Explanation: Every nonterminal is reachable from S, but none can derive any terminal string. The self-cycle at C is a dead cycle, so no nonterminal is reported as left-recursive under the productive-left-recursion rule.

Input: ('S', {'S': [['ε']]})

Expected Output: {'left_recursive': [], 'unreachable': [], 'non_productive': [], 'ambiguous_nonterminals': []}

Explanation: The grammar contains a single productive epsilon production. There is no recursion, no unreachable symbol, and only one production, so there is no FIRST-set conflict.

Hints

  1. Unreachable symbols come from a graph traversal starting at the start symbol.
  2. A productive nonterminal is one that can eventually derive only terminals and/or ε.

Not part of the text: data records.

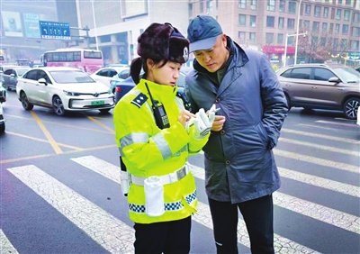 2024年1月1日上午,交警红桥支队新红桥大队交警王馨在西北角周边路口为群众指路。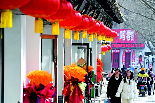 春节临近,秦州区街道上红灯笼高悬、沿街树木被各色绢花装点出春意盎然的景象,天水街头年味渐浓。
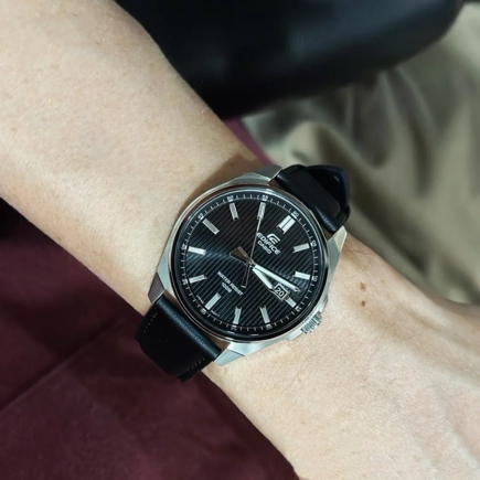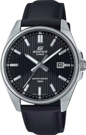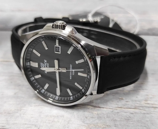Наручные часы Casio Edifice (Касио Эдифис) по достоинству оценят современные мужчины. Будут отлично смотреться как с деловым костюмом, так и с повседневной одеждой. Стрелки и метки покрыты люминесцентным напылением (светятся в темноте). Циферблат с метками в виде штрихов. На данной модели отображается дата. Заводная головка с защитой. Задняя крышка с винтовым фиксатором. Ремешок из высококачественной натуральной кожи сочетает в себе долговечность, стиль и максимальный комфорт. Стекло минеральное, устойчивое к повреждениям и царапинам. Водонепроницаемость 100WR.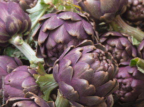 © Victoria Schaal, Obraz premium Close up of purple artichokes

Part 3: Transform a Grammar by Eliminating Direct Left Recursion and Left-Factoring

Given a grammar, transform it in two steps: first eliminate direct left recursion for every nonterminal, then repeatedly left-factor any set of productions that share the same first symbol. For this problem, left factoring is only by the first symbol, repeated until no such conflict remains. Use A_rec for the helper created by left-recursion elimination and F1, F2, ... for factoring helpers.

Constraints

  • 1 <= number of nonterminals <= 50
  • Only direct left recursion must be eliminated
  • Factoring is repeated only on common first symbols

Examples

Input: {'A': [['A', 'a'], ['A', 'b'], ['c'], ['d']]}

Expected Output: {'A': [['c', 'A_rec'], ['d', 'A_rec']], 'A_rec': [['a', 'A_rec'], ['b', 'A_rec'], ['ε']]}

Explanation: Direct left recursion is eliminated in the standard way.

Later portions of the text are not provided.